Completed in 1710, Louis XIV’s dazzling Chapelle royale de Versailles, polychromatic marble floor to soaring frescoed vault, is if not geographically then certainly a metaphorical world apart from the rather more down-to-earth Samuel Hall Currelly Gallery at Toronto’s Royal Ontario Museum. Repurposed and renovated in the early 2000s as a multi-functional special events venue, the former exhibition-cum-gathering space radiates purposefulness, an imposing LED-lit dinosaur skeleton and scattered showcases punctuating the otherwise understated setting.

Reprising its crossover Baroque concert offering, The Angel Speaks, premiered in Versailles in December 2018, Canada’s early opera ambassador-at-large, Opera Atelier, eagerly pushed beyond the limits of appointed time and place at ROM last Thursday night. Blending period performance with a distinctly contemporary approach to music and expression, singer-actors, dancers and ensemble players seamlessly partnered one another in an inspiring demonstration of theatrical kinship. The palpable religiosity so vividly apparent in the company’s original presentation of the intense, one-hour performance piece directed by Marshall Pynkoski, the overt transcendent values that flowed so freely in the charged Rococo milieu of the Chapel Royal, were, if not supplanted, then largely overwritten by a powerful sense of shared humanity.

Traversing successive selections by Henry Purcell in the first half of the program with a passing nod to William Boyce, singers Jesse Blumberg and Mireille Asselin joined by a compact corps of artists drawn from Atelier Ballet all masterfully supported by members of Tafelmusik enchanted in a gently eclectic program.

The need to compartmentalize music in the late 17th century was infinitely less compulsive than it is today. Secular and religious, the sacred and the profane, style and form frequently intertwined. Nimble craftsmen like Purcell invested their sacred works with all the drama and emotional rise and fall of a wholly theatrical experience. A deft hand at masque and opera, one of the very first native-born composers to write English music drama, Purcell forever kept at least one leg on the actorly side of the footlights. Airs like Music for a While, richly voiced by Blumberg by way of ROM concert prelude, and occasional songs on the order of See Nature Rejoicing, Asselin’s bright crystalline instrument topping Purcell’s courtly soprano-baritone duet, epitomize the composer’s ability to command attention. Songs of all sorts, theatre music, hymns and anthems, it was all music to Purcell’s ears. His devotees then and now adored it, the capacity Queen’s Park museum audience quite clearly no exception.

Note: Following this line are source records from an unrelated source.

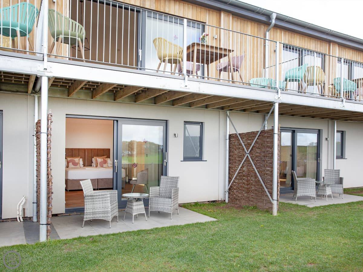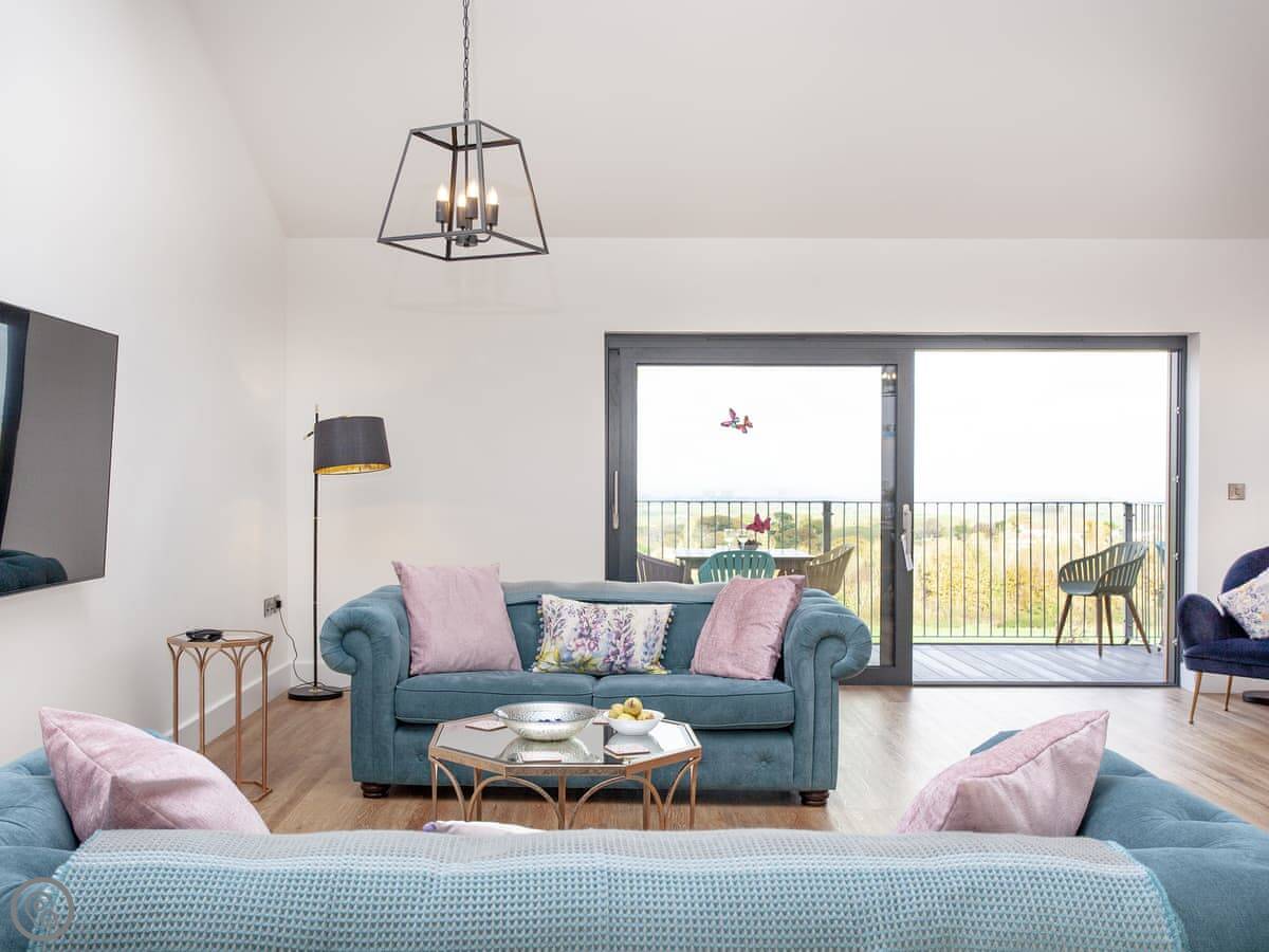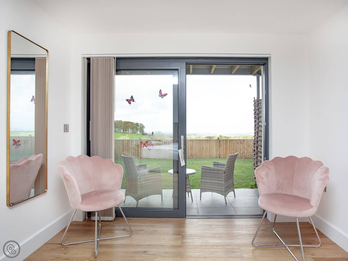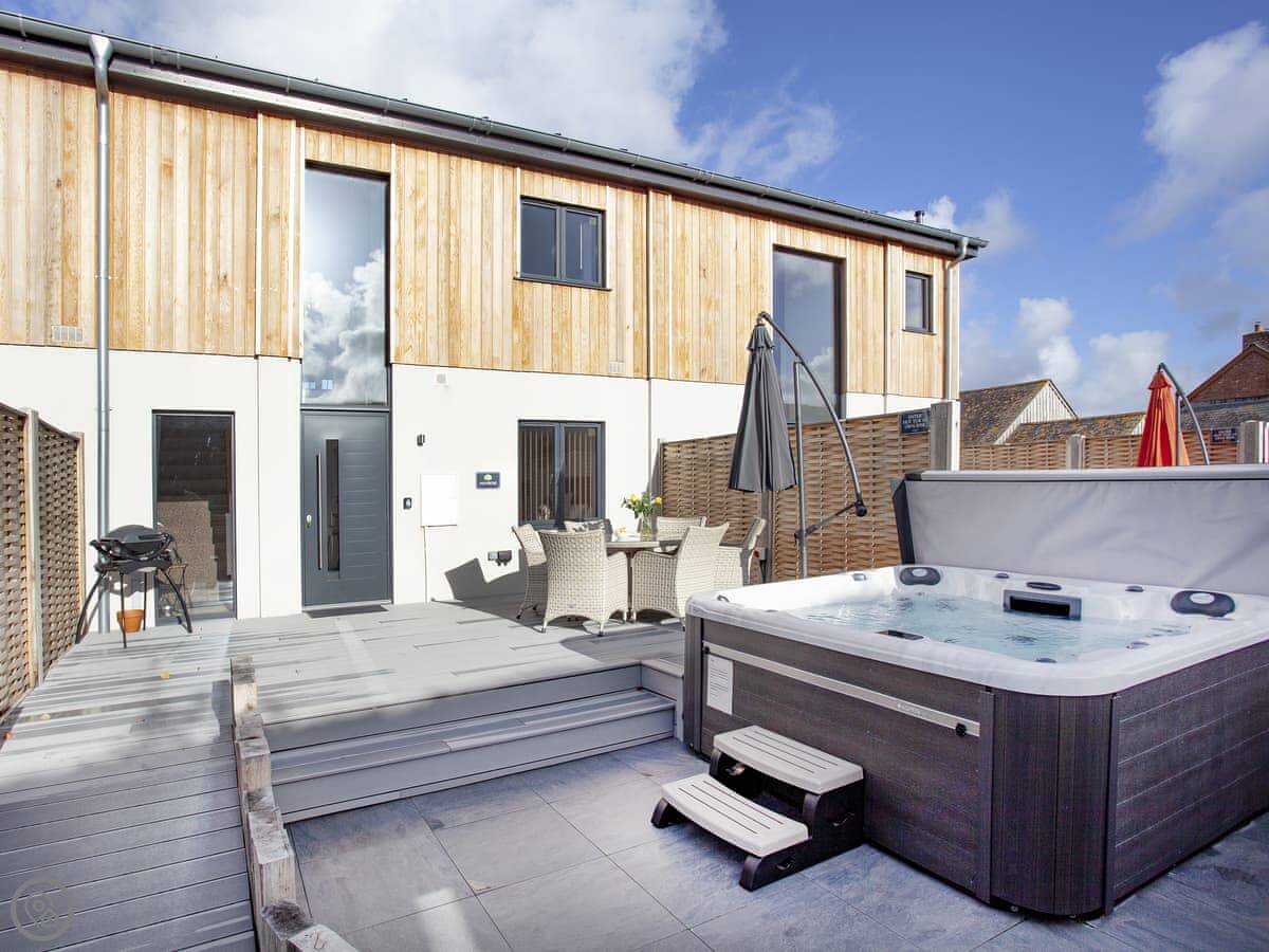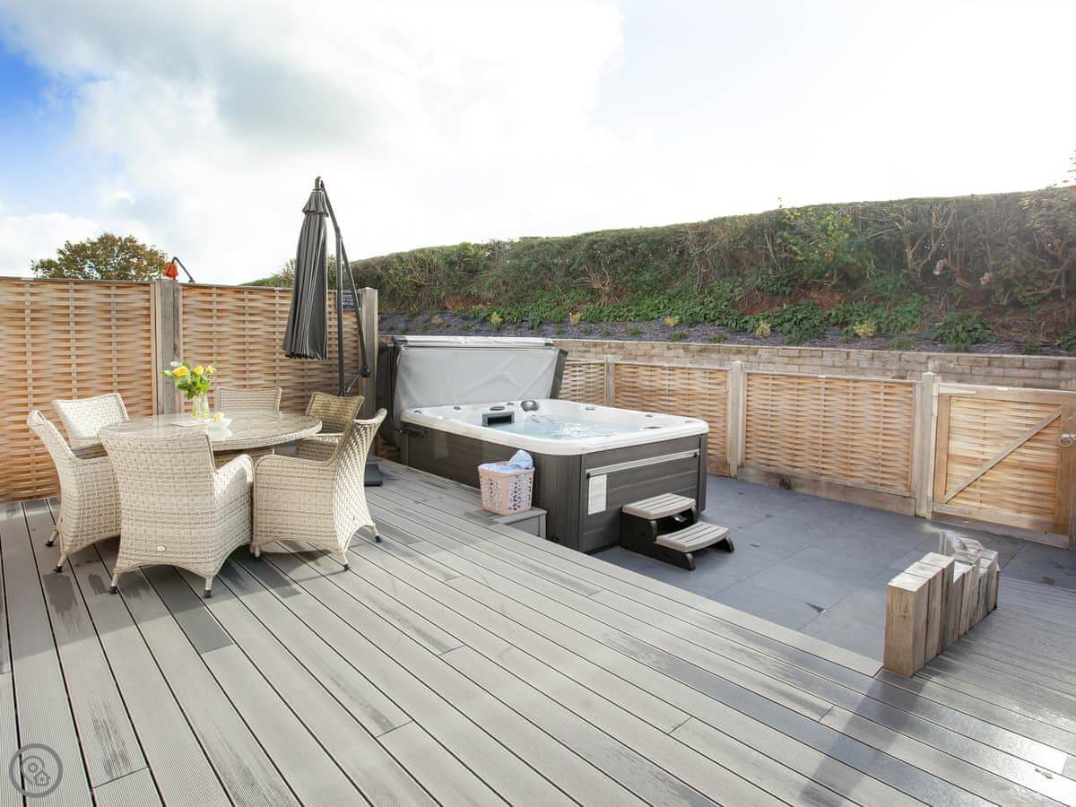 The kitchen, living and dining area is upstairs. That's to make the most of the view. You can see the Somerset coast from there, and on a very clear day you can see Glastonbury Tor in the distance. Doors lead out to a balcony. The garden is enclosed, with outdoor seating, a barbecue, and a private hot tub.
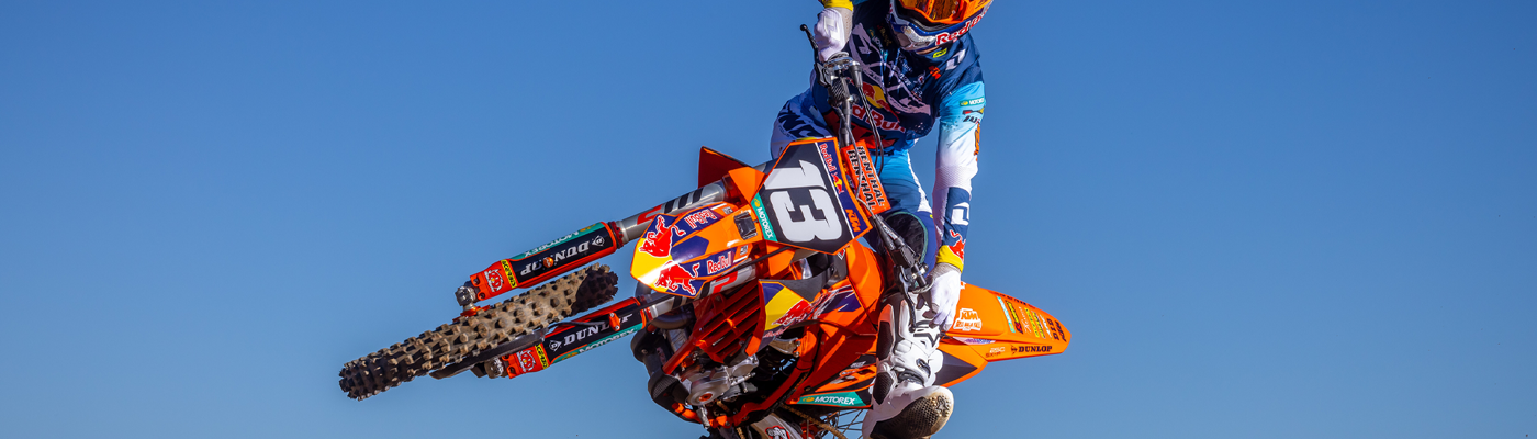 Getting power hooked into the dirt is a tough job. However, hours of research and testing have led the 2026 KTM Motocross range to the Dunlop GEOMAX MX34. Providing unmatched stability and control at the highest level, the rubber features a rigid carcass and rubber compound that improves damping and absorption, maintaining performance up to 30% longer than previous models. Progressive Cornering Block Technology also improves grip in the berms, while the rear pattern has a tall and wide center block for desirable traction and control everywhere else. Lastly, this unique block arrangement works to dispel mud buildup, ensuring traction in even the muddiest of track conditions.
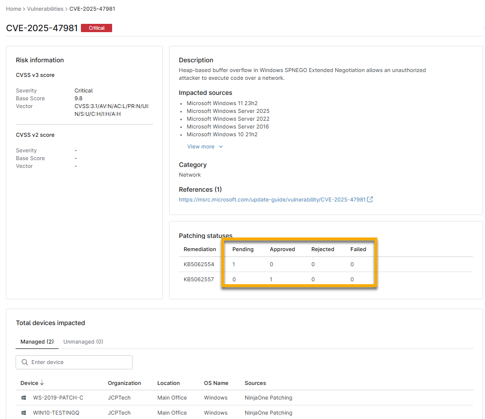 Questo articolo illustra come visualizzare i dati sulle vulnerabilità delle patch all'interno di NinjaOne e identificare le azioni consigliate.
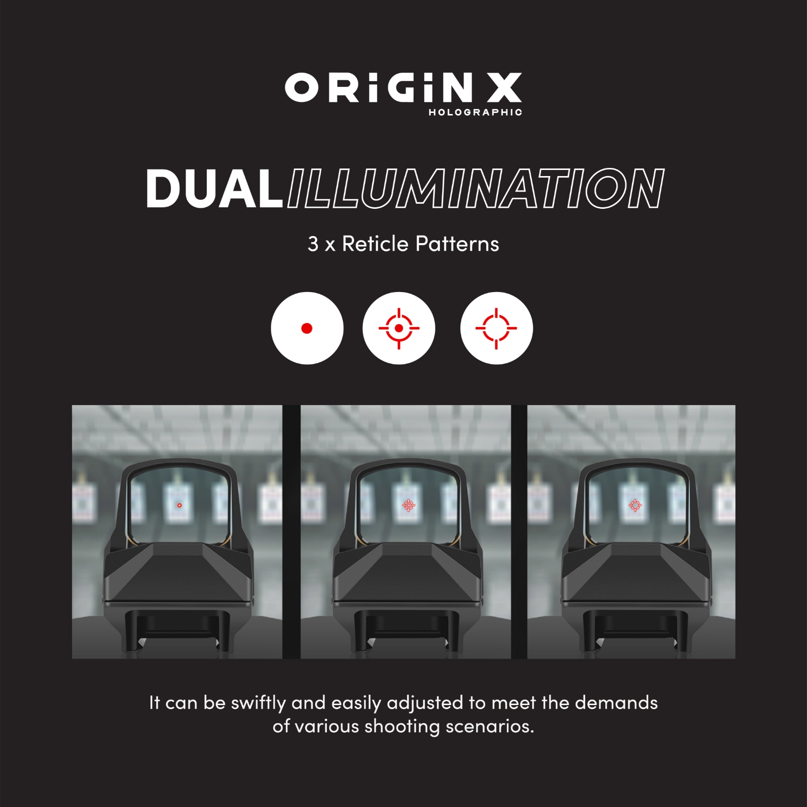 The AKRA ORIGIN X Red Dot Edge is a versatile and rugged red dot sight designed for shooters who demand speed, precision, and adaptability. Featuring dual illumination with three reticle patterns, it allows quick adjustments to suit any shooting scenario—whether fast target acquisition or precision aiming is required.
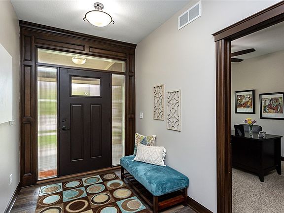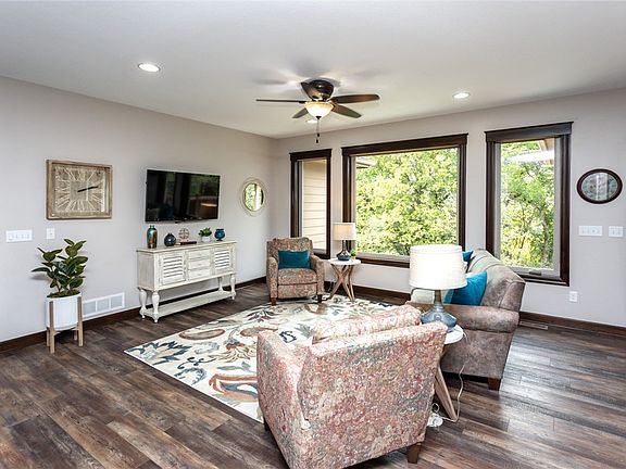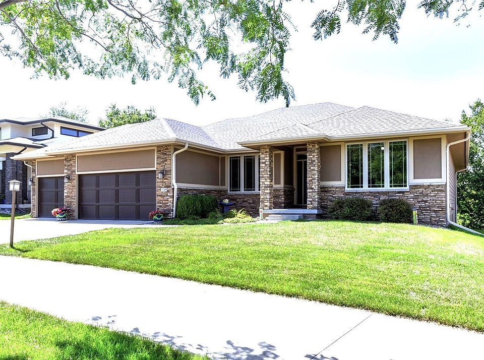 Beautiful Custom Built, 5 BR, 3 BA, 3,827 sq ft Ranch, 3 Car Garage, Lg Covered Deck, Patio, & Private Tree Lined Backyard in the Coveted Shadow Creek Neighborhood. Check out the freshly painted creamy light wall color! Lighter, brighter & move in ready! You will enjoy spacious open concept living with a large kitchen, custom cabinets, lots of counter space, island that seats six, pantry, nice dining area and family room, all with new LVP flooring & wonderful, oversized windows that frame the wooded backyard for privacy that is hard to find. The lot extends 71 ft into the trees to keep that privacy. XL Covered Deck with plenty of space to hang out, grill & enjoy the big game. The spacious primary suite has an amazing private view of the woods, an ensuite with two vanities, a makeup vanity, tiled shower, toilet room & large walk-in closet. You will love the XL laundry room, huge drop zone tucked out of sight, plus a closet for coats, shoes & more! Plus, two more bedrooms/office & a full bath. The Lg Walkout LL is built for fun! Enjoy movie night in the home theater, gather around the fabulous bar & watch your favorite sports, or game night in the spacious family room with large windows, a cozy fireplace and heated floors. Take it outside to the large patio for a bonfire. With the geothermal heating/cooling system, the energy cost from MidAmerican is only $108 p/m! Great dog walking, bike riding, chat with your neighbor kind of neighborhood! This is The One. Call Today!
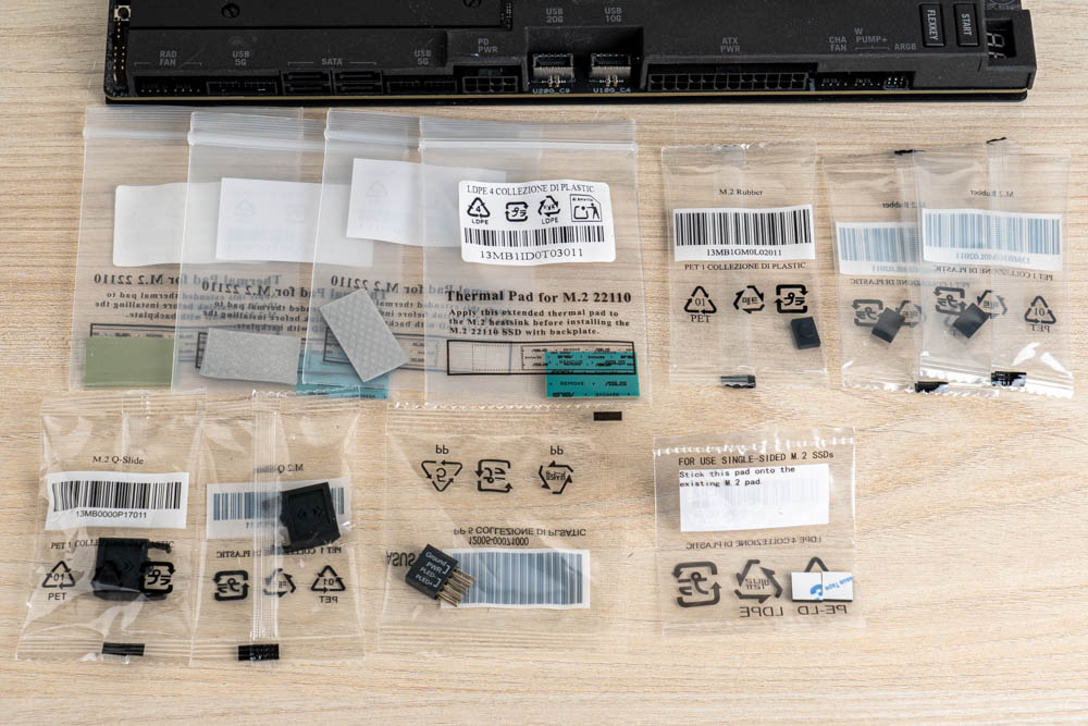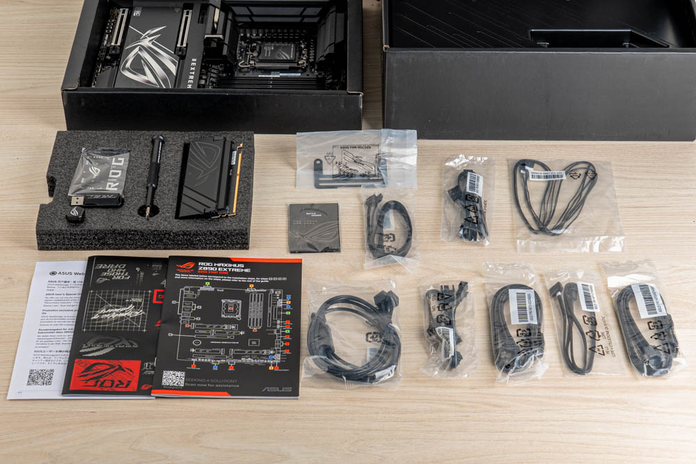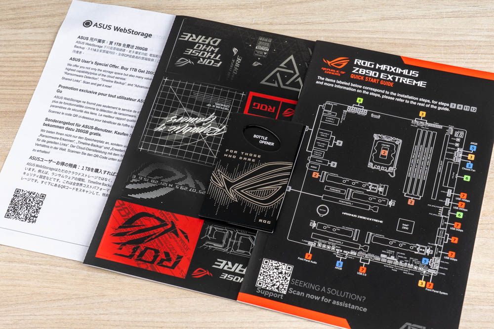 隨附物品:說明書組、開瓶器、螺絲起子、隨身碟、DDR5 風扇支架、 2 x SATA 數據線、2 x ARGB 分接線 ( 1 拖 2 / 1 拖 3 )、2 x FAN 分接線、1 x熱敏電阻線、WiFi-7 天線、ROG Q-DIMM.2、備用快拆、支撐與導熱墊

A pair of original compositions by Baroque/folk violinist Edwin Huizinga seized centre stage in part two of the evening. The first, a cantata entitled Annunciation, recently commissioned by Opera Atelier with text by metaphysical modernist poet Rainer Maria Rilke poignantly detailed the Archangel Gabriel’s sudden appearance before a fearful, ultimately wonderstruck Virgin. The news he bears is both startling and mysterious. Sung by Blumberg with exquisite intensity as the voice of the Angel, danced with stunning grace by choreographer/OA principal artist Tyler Gledhill as Gabriel witnessed in physical form, the encounter, as tenderly set by Huizinga, assumed inexpressibly poignant dimensions.

Leaping from the delicacy of the moment to the turmoil of Purcell’s The Blessed Virgin’s Expostulation, Asselin gifted us  with a particularly touching portrayal of the Madonna, simultaneously human and holy, fearful and exultant.

Huizinga’s 2017 inaugural work for Opera Atelier, Inception, a haunting divertimento for solo violin and dancer — Gledhill dynamic and ecstatic, Huizinga’s playing tinted with driving Celtic overtones — closed the chapter on the discrete trio of potent interrelated scenes.

Baroque dancers in motion, meticulously choreographed by Jeannette Lajeunesse Zingg, physical embodiments of all the persistent wonder and devotion implicit in music director David Falllis’ resonant programming, brought the concert to a close, Asselin’s glowing rendition of Purcell’s An Evening Hymn illuminating the hall. Peacefully playing at the head of the long, narrow space, Tafelmusik calmed the heart, Charlotte Nediger’s lovely chamber organ profoundly serene.

Spellbinding, captivating, The Angel Speaks spoke. As it has done so vibrantly so very many times before, Opera Atelier movingly articulated its unique artistic vision.